Он замолчал. Лиза ничего не отвечала ему, собираясь с мыслями. И вдруг он сказал — и в голосе его послышалась невольная и неожиданная улыбка:
— И я все-таки люблю тебя.
— Я знаю, — сказала Лиза с презрением, — ты машина, но идеально сделанная машина, совсем как человек.
— Другая грубая ошибка, Лиза. Пойми же, что я совсем не машина. Меня ты и Леля всегда считаете машиной, потому что вы не понимаете, что меня заставляет так жить. Ты не думала об этом? Мне жаль людей, ты понимаешь? Мне всегда было жаль Лелю — зачем я заставлял бы ее страдать, преследуя ее за бесконечные романы? Я позволял ей жить, как она хочет, — и тем более бескорыстно, что знал, что никакой благодарности за это не будет, она продолжает считать меня бездушным человеком. Мне жаль было тебя — и ты должна это знать. Мне всех жаль, Лиза, потому я не возражаю людям, не мешаю думать, что они хотят, и жить, как им нравится, хотя действуют они почти всегда неправильно. И вот еще одно доказательство, что я не машина, — это то, что этой жалости есть предел. Мы с тобой дошли до него сегодня.
Лиза услышала, что он встал с кресла.
— Я ухожу, — сказал он. — Надо разыскать Сережу. Между ним и тобой все кончено. Я постараюсь, чтобы ты больше его не увидела.
— Я убью тебя, — сказала Лиза совершенно спокойно.
— Нет, потому что тогда Сережа все равно для тебя потерян.

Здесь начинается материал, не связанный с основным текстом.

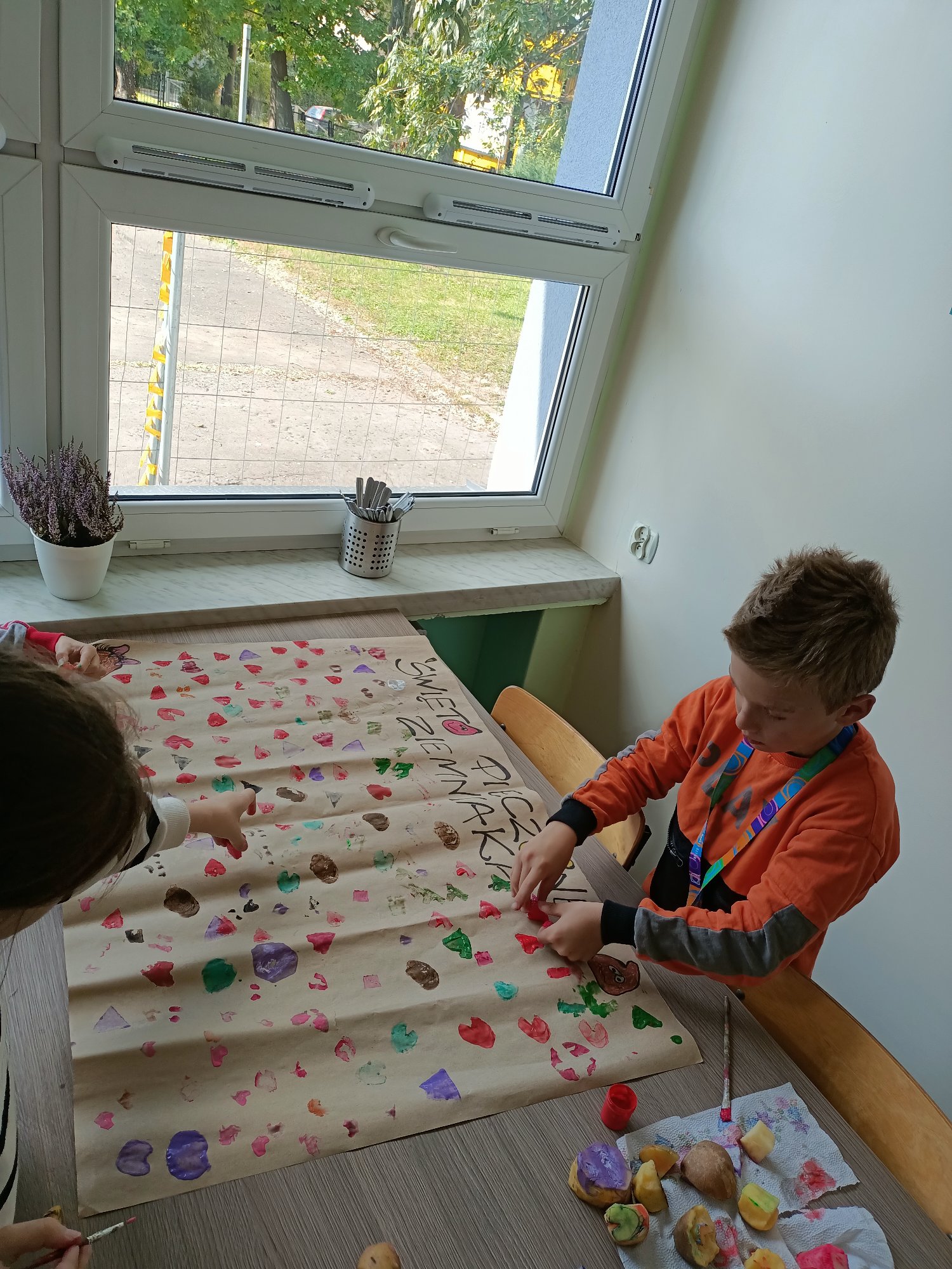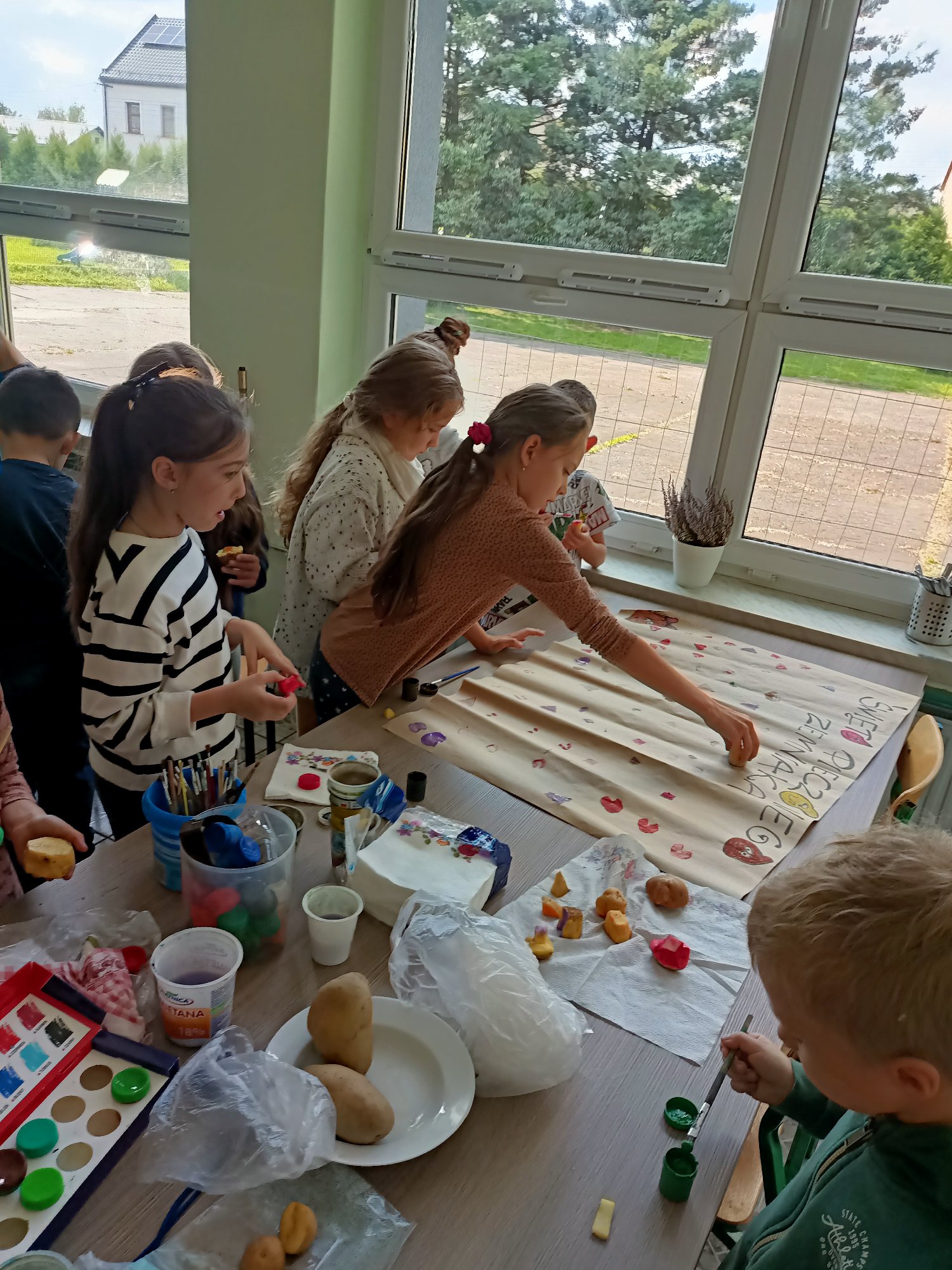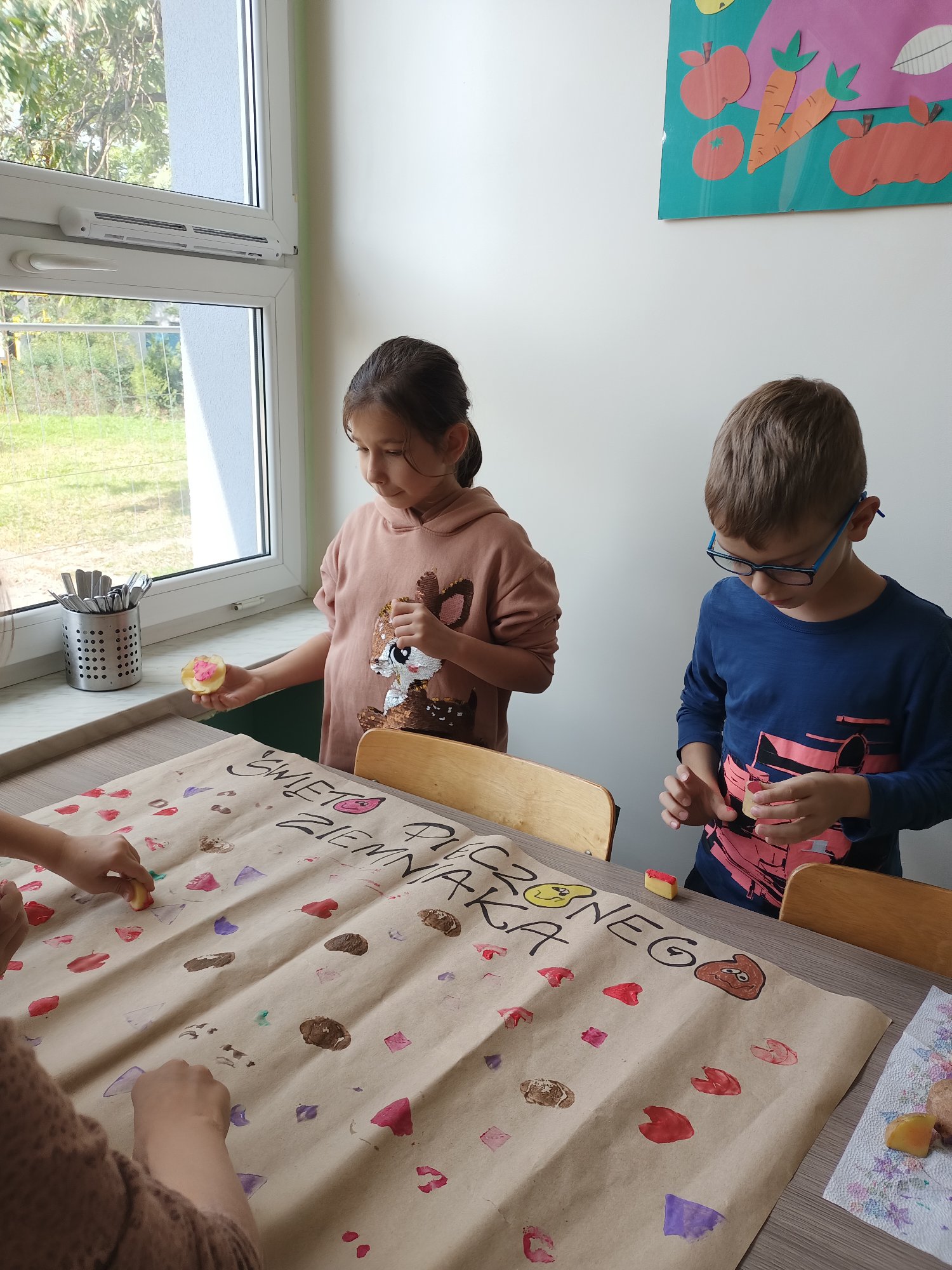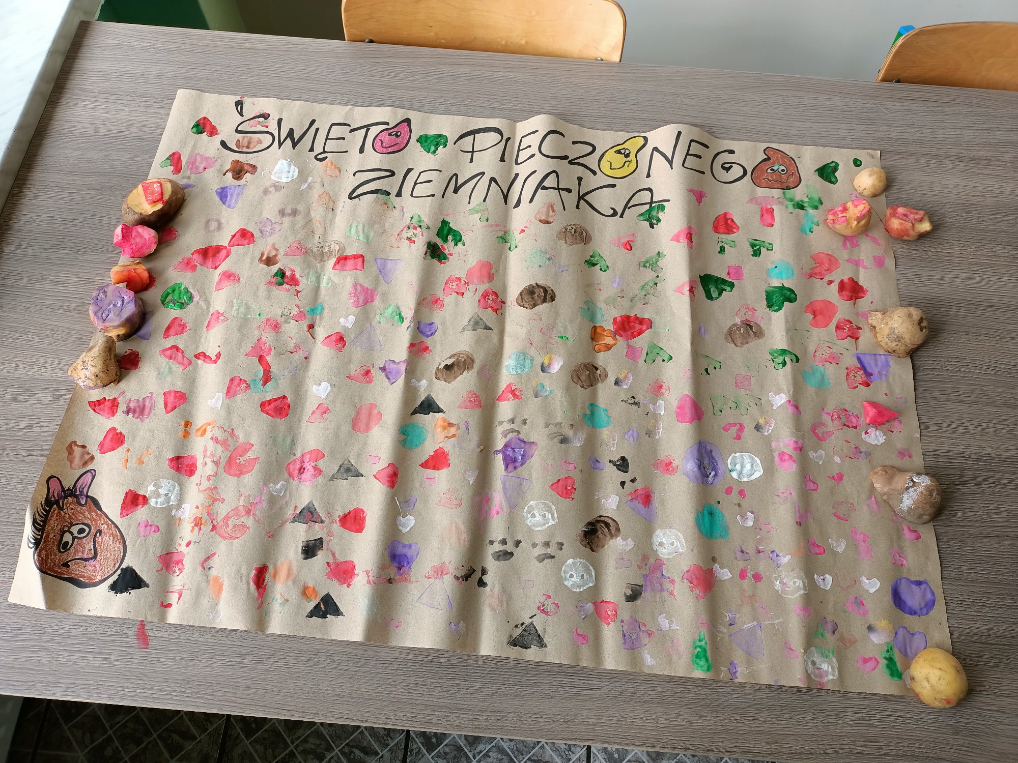 Po wysłuchaniu historii sprowadzenia do Polski w 1683 roku przez króla Jana III Sobieskiego ziemniaka, jako prezentu dla swojej żony Marysieńki uczniowie uruchomili swoją wyobraźnię i wyczarowali cudaczny ziemniaczany plakat. Świetlica wypełniła się ziemniaczanymi stemplami, który każdy z uczniów wykonał samodzielnie. Pamiątkowy stempelek został odbity na naszym plakacie.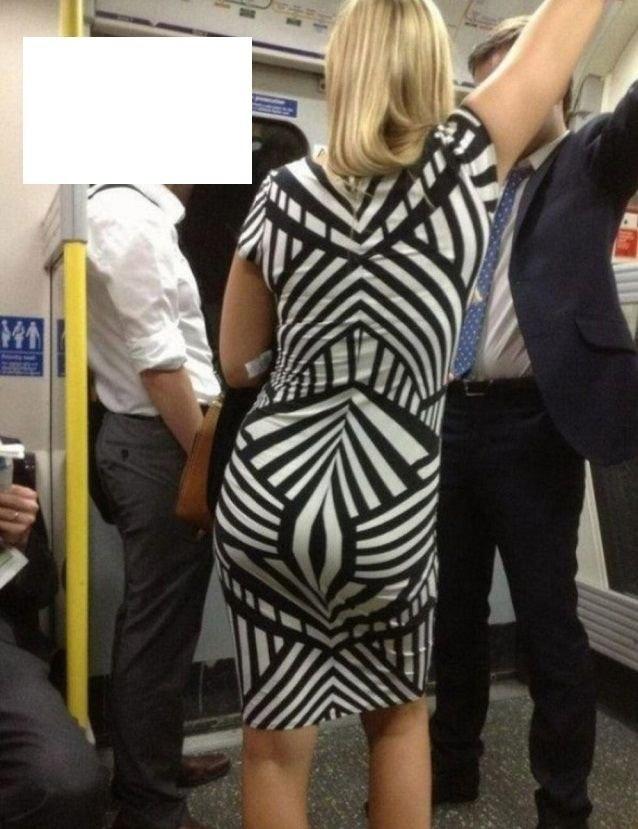 Как приятно смотреть на вещь, когда полосочка к полосочке, весь рисунок совпадает. Однако, иногда, из-за особенностей самого принта, симметрия превращается в ее полную противоположность. Мы видим примеры, где рисунок, задуманный симметричным, из-за особенностей кроя и посадки на фигуре образует непреднамеренный, но весьма забавный эффект, создавая иллюзию анатомических особенностей на теле. Курьез на одежде, который, не примерив перед покупкой, можно и не заметить. Хвала закройщику, но на вещи без улыбки не взглянешь!
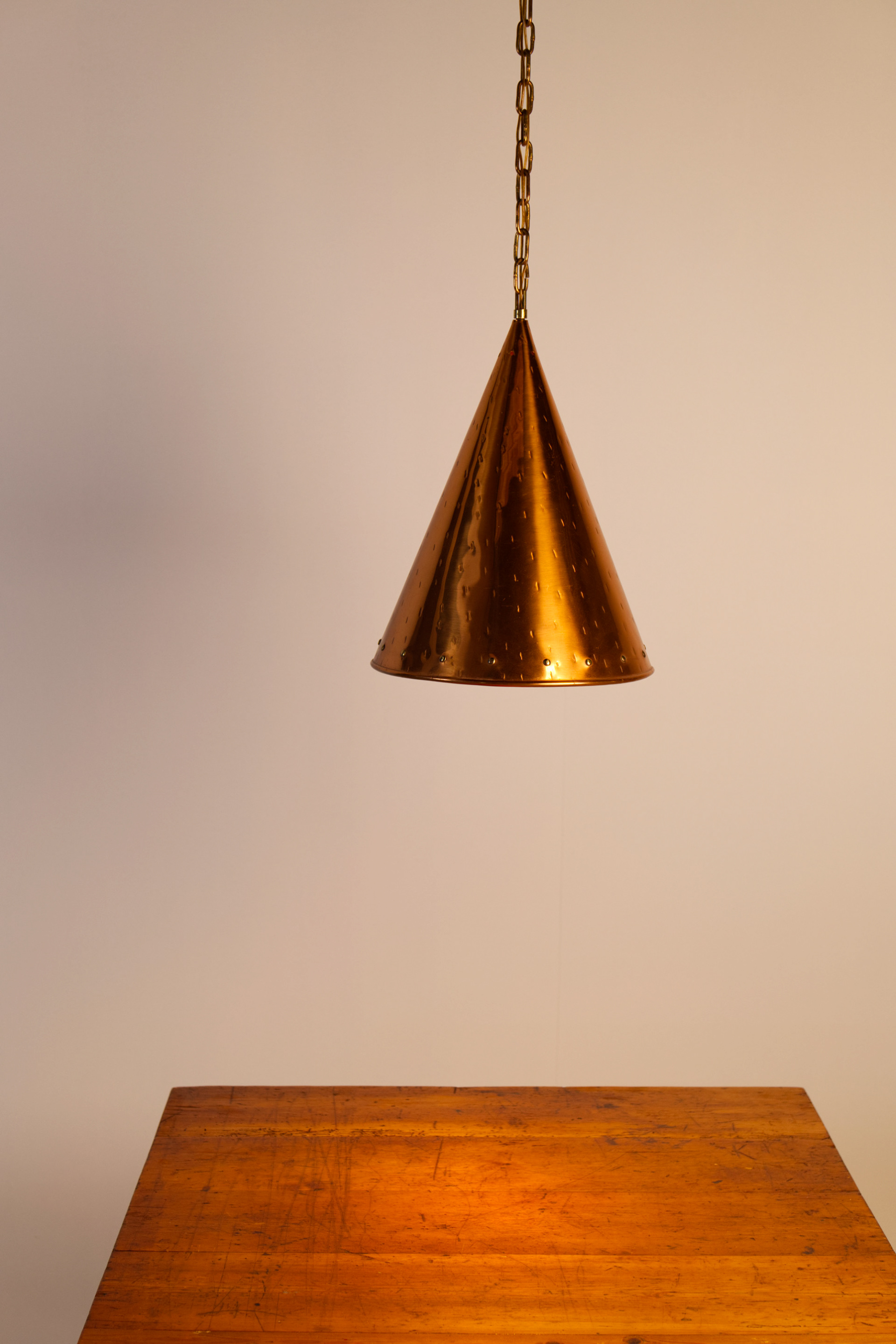 Large Copper Cone Pendant Lamp by Th. Valentiner – Denmark, 1960s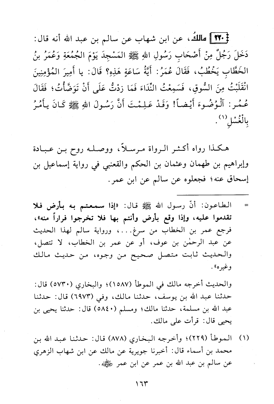 = الطاعون: أنّ رسول الله - صلى الله عليه وسلم - قال: "إذا سمعتم به بأرض فلا تقدموا عليه، وإذا وقع بأرض وأنتم بها فلا تخرجوا فرارًا منه"، فرجع عمر بن الخطاب من سرغ. . .، ورواية سالم لهذا الحديث عن عبد الرحمن بن عوف، أو عن عمر بن الخطاب، لا تتصل، والحديث ثابت متصل صحيح من وجوه، من حديث مالك وغيره".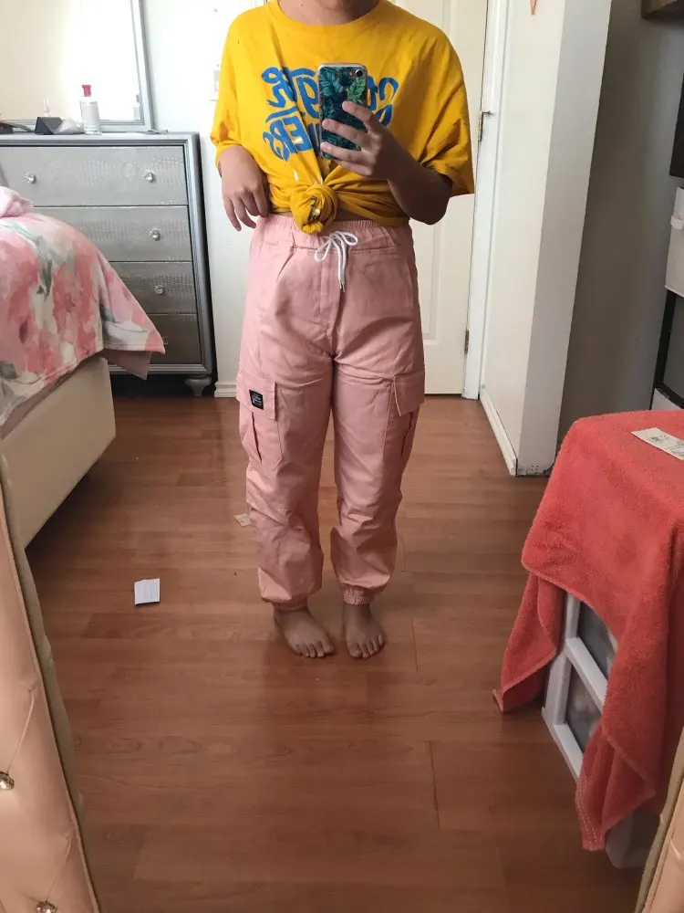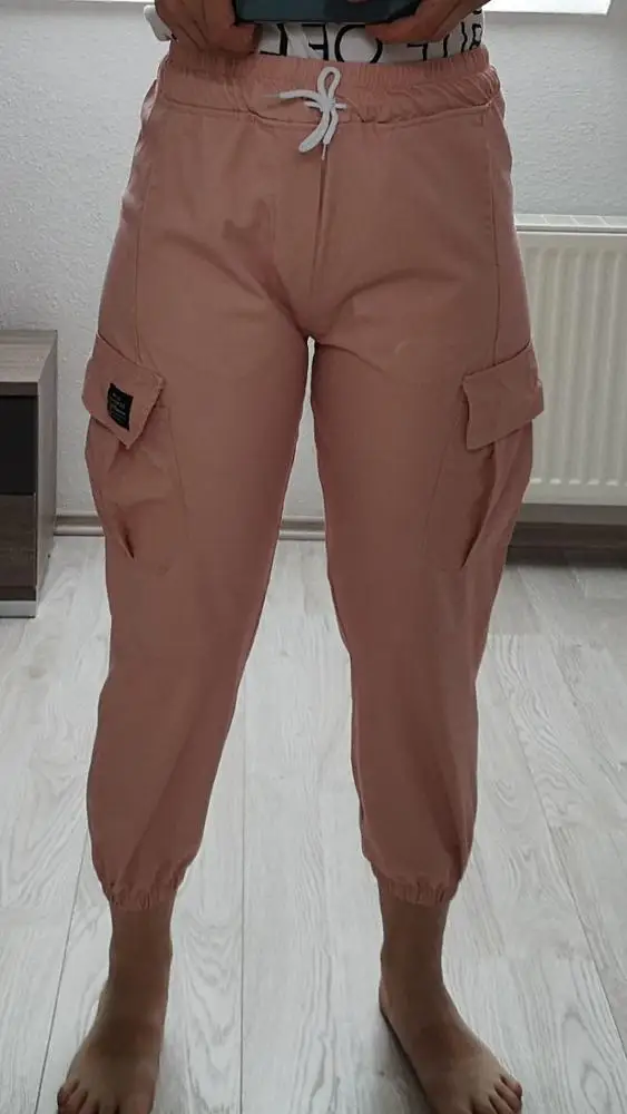 Loveee these pants! Super cute and comfy. Fabric is pretty soft and the color is as pictured. Also appreciated the kind message included. I got a M and they are true to US sizing. I’m about 130lbs and 5’4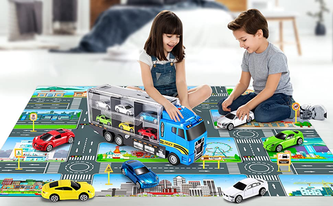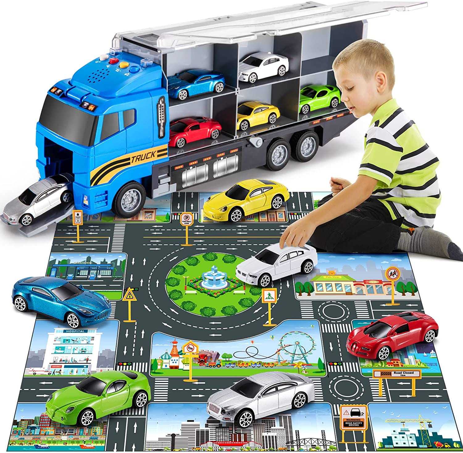 - KIDS RACE CAR TOYS SET - Equipped with 1 x foldable play mat, 1 x multi-function transport cars, 6 x different colorful die cast race cars and a set of road signs. It is highly recommended for kids aged 3 and above to create endless happy times!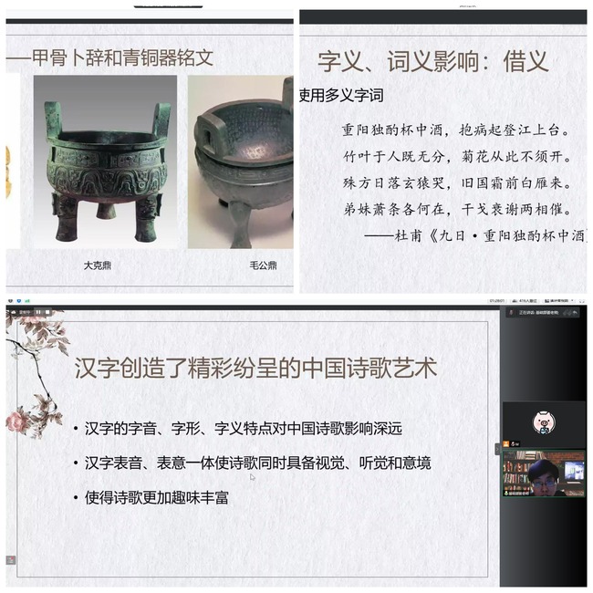 在讲座中,姜老师首先简介了汉字的产生、演变过程和汉字六书,并通过例子展示了汉字内蕴含的文化。通过老师的讲述,同学们不仅了解了甲骨文、金文等文字知识,还知道了与汉字有关的新石器时代文化、著名青铜器等知识,体会到文字对中华文明的重大作用。接着,姜老师从汉字的字音、字形、字义入手,向同学们介绍了汉字是如何对我国诗歌产生重大影响的。她介绍,汉字的字音使得我国诗歌能够押韵,还能用双声、叠韵来修饰音节,也能通过借音形成双关;汉字的字形能直接将诗歌意象展现在读者面前,且衍生出了联边、拆字等趣味诗歌;汉字的一字多义或一词多义又使诗人能巧妙借义。表音表意一体的汉字能使诗歌做到音节、词汇同时工整对仗,将听觉、视觉和意境同时提供给读者,形成音乐美、绘画美,这是世界文化中绝无仅有的。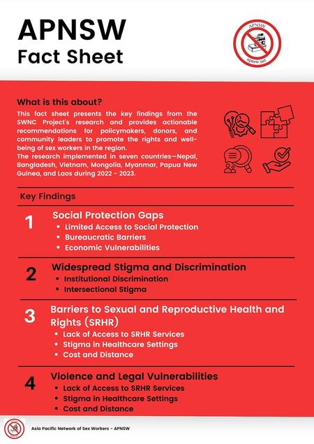 The Sex Worker Network Consortium (SWNC) Project Research Factsheet distills key findings from regional research conducted across Bangladesh, Laos, Mongolia, Myanmar, Nepal, Papua New Guinea, and Vietnam (2022–2023). The factsheet highlights barriers, successes, and actionable recommendations to advance the rights, inclusion, and well-being of sex workers in the Asia-Pacific region.

Кроме того, ты знаешь, меня это не пугает, я смерти не боюсь. И если ты думаешь, что я очень дорожу своей жизнью…
Он повернул выключатель. Лиза сквозь зажмуренные от резкого света веки видела его высокую широкую фигуру и неподвижное лицо с непривычным, рассеянным и печальным, выражением. Он взял шляпу и перчатки и, не прибавив ни слова, не попрощавшись с Лизой, вышел из комнаты. Через секунду щелкнула входная дверь, Не закрывая подурневшего от слез лица руками, Лиза громко плакала.
Сережа выбежал из дому в совершенном исступлении, почти не понимая, что он делает, вернее, он понимал каждый свой поступок через некоторое время после того, как его совершил. Улица была пустынна. Он быстро пошел по ней вниз, дошел, не заметив этого, до avenue de Versailles и, увидев скамейку, сел на нее. Слезы душили его и мешали ему думать. Фраза его отца все звучала в ушах: «Лиза, ты была много лет моей любовницей…» Что это значит? Конечно, это была правда, так как отец знал о существовании ее квартиры. Но как это могло произойти? Как Лиза могла не сказать ему об этом? — Боже мой, что же теперь делать? — сказал он вслух. Значит, теперь об этом знает Сергей Сергеевич. Дома у Сережи больше нет. Лиза тоже навсегда потеряна для него. Лиза, такая замечательная Лиза! Так вот что это было на самом деле! Значит, все — детство, ее смуглые руки, все это родное, теплое и замечательное, все шестнадцать лет его жизни и такое их удивительное, ослепительное завершение, — все это было чудовищный и жестокий обман. Зачем же он так торопился? Он не мог выдержать больше в Лондоне и сегодня утром, никого не предупредив, уехал в Париж, к Лизе — оказывается, для того, чтобы после жарких ее объятий выйти на четверть часа из дому купить чегонибудь к чаю, вернуться и услышать эту беспощадную, не оставляющую никаких сомнений фразу, сказанную всегдашним, спокойным голосом отца. Значит, все кончено!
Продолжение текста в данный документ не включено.